EXERCISE >> The listing is to be transcribed in full, with its images left out.

BEGIN DATA BLOCK

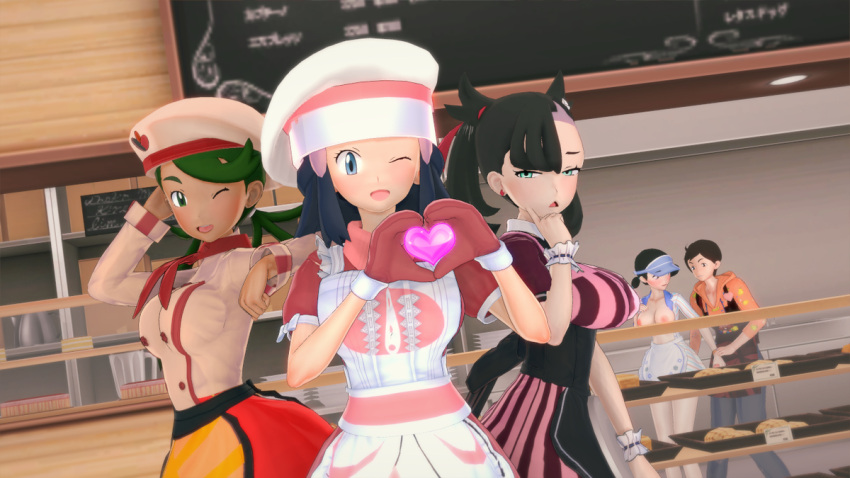414105 NipplesHentai Nipples – 1boy 4girls black hair breasts brown hair dawn green hair mao (pokemon) mary by masaruyuuri
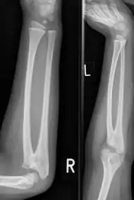 Radioulnar synostosis is a rare condition where there is an abnormal connection between the radius and ulna bones of the forearm.[1] This can be present at birth (congenital), when it is a result of a failure of the bones to form separately, or following an injury (post-traumatic).[2]
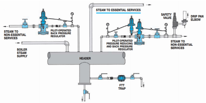En sistemas de vapor con varias aplicaciones de diversa importancia, existe la posibilidad de usar un regulador de contrapresión para evitar la sobrecarga de la caldera al aislar cargas no esenciales de procesos críticos en caso de que la demanda de vapor exceda la producción de la caldera.
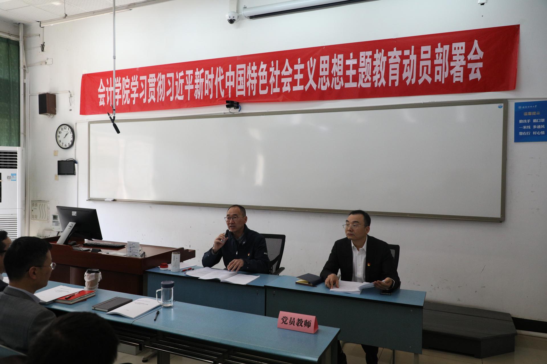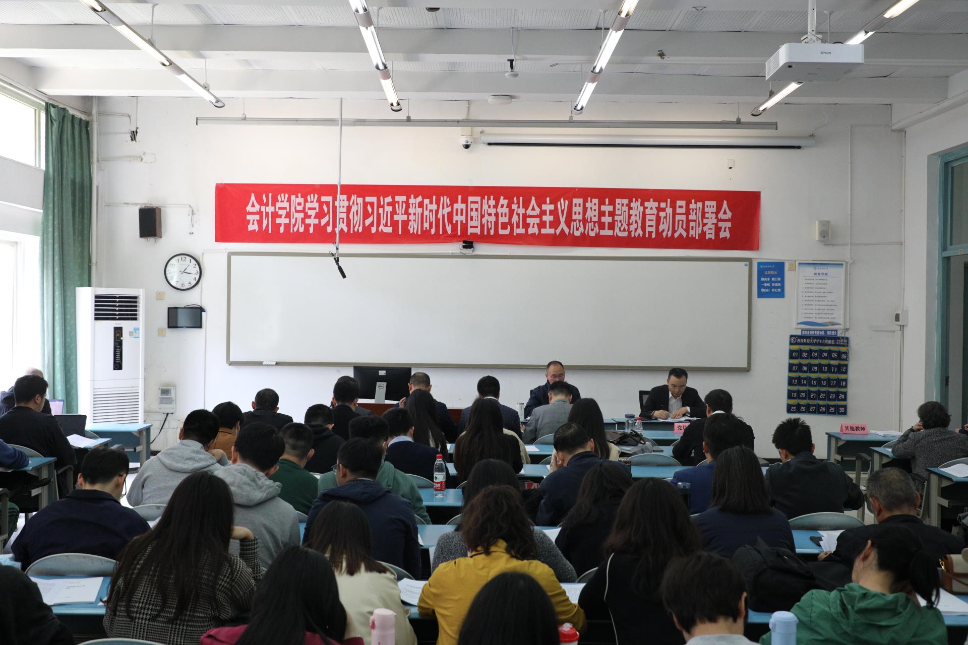 为全面贯彻落实习近平总书记在学习贯彻习近平新时代中国特色社会主义思想主题教育工作会议上的重要讲话精神,按照上级及学校党委安排部署,4月25日下午13:00,会计学院在颐德楼H312教室组织召开学习贯彻习近平新时代中国特色社会主义思想主题教育动员部署会,学院全体党员教师、学生党员代表和教职工参加会议。会议由院长马永强主持。

END DATA BLOCK

RESPONSE FOR THIS EXERCISE >>
414105 NipplesHentai Nipples – 1boy 4girls black hair breasts brown hair dawn green hair mao (pokemon) mary by masaruyuuri
 Radioulnar synostosis is a rare condition where there is an abnormal connection between the radius and ulna bones of the forearm.[1] This can be present at birth (congenital), when it is a result of a failure of the bones to form separately, or following an injury (post-traumatic).[2]
En sistemas de vapor con varias aplicaciones de diversa importancia, existe la posibilidad de usar un regulador de contrapresión para evitar la sobrecarga de la caldera al aislar cargas no esenciales de procesos críticos en caso de que la demanda de vapor exceda la producción de la caldera.
 为全面贯彻落实习近平总书记在学习贯彻习近平新时代中国特色社会主义思想主题教育工作会议上的重要讲话精神,按照上级及学校党委安排部署,4月25日下午13:00,会计学院在颐德楼H312教室组织召开学习贯彻习近平新时代中国特色社会主义思想主题教育动员部署会,学院全体党员教师、学生党员代表和教职工参加会议。会议由院长马永强主持。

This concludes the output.